**Supplied information**

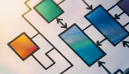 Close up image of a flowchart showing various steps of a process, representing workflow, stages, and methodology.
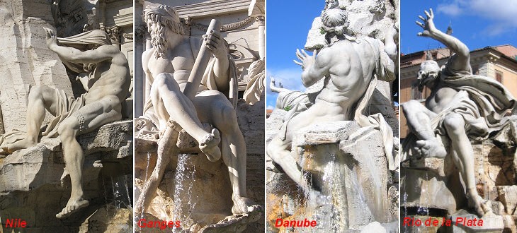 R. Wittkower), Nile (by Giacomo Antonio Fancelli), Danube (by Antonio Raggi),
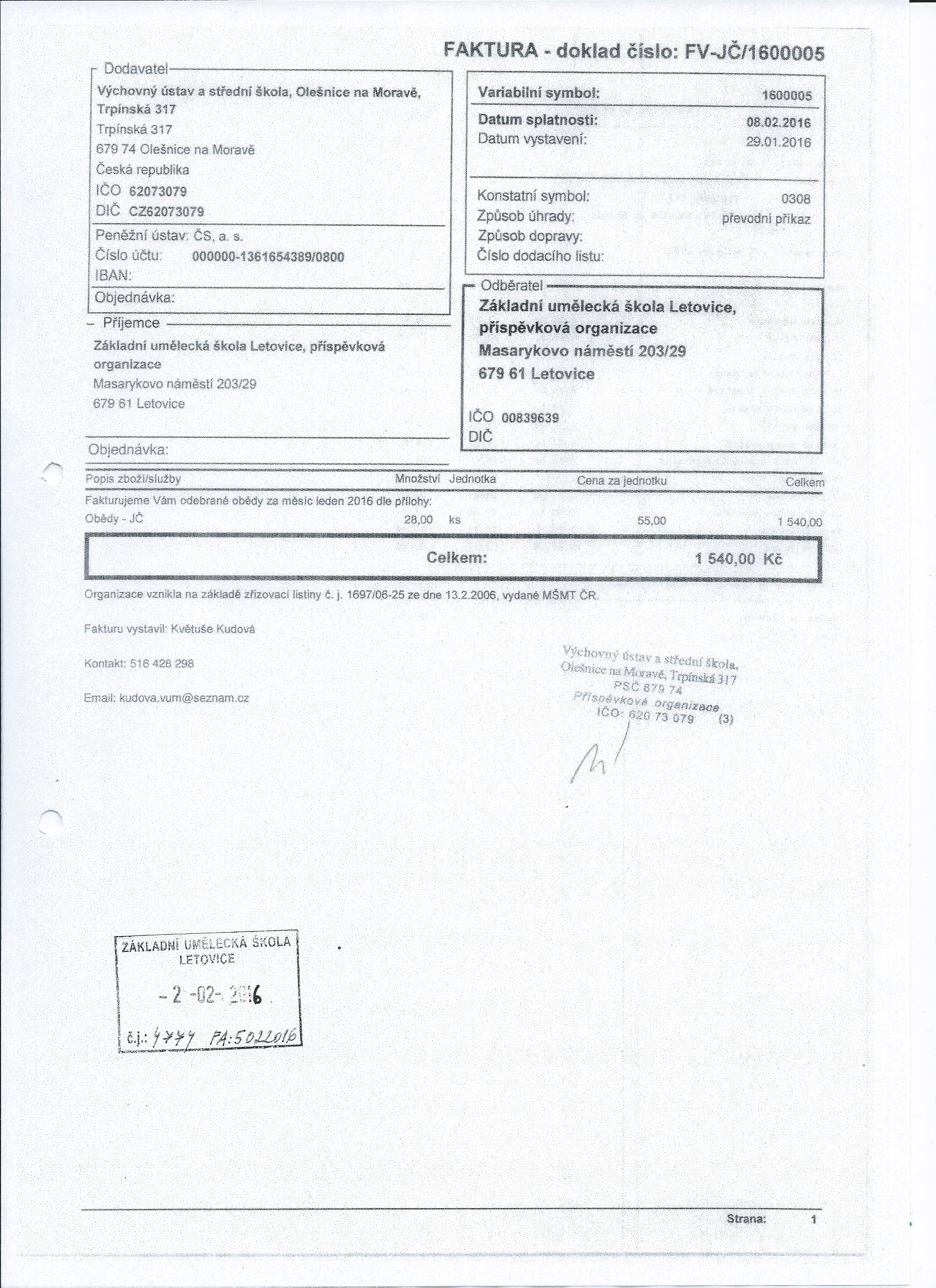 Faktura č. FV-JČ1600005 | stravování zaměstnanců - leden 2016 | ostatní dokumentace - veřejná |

**Required work**
Return every line of the data above exactly, and omit all pictures.

**Written solution**
 Close up image of a flowchart showing various steps of a process, representing workflow, stages, and methodology.
 R. Wittkower), Nile (by Giacomo Antonio Fancelli), Danube (by Antonio Raggi),
 Faktura č. FV-JČ1600005 | stravování zaměstnanců - leden 2016 | ostatní dokumentace - veřejná |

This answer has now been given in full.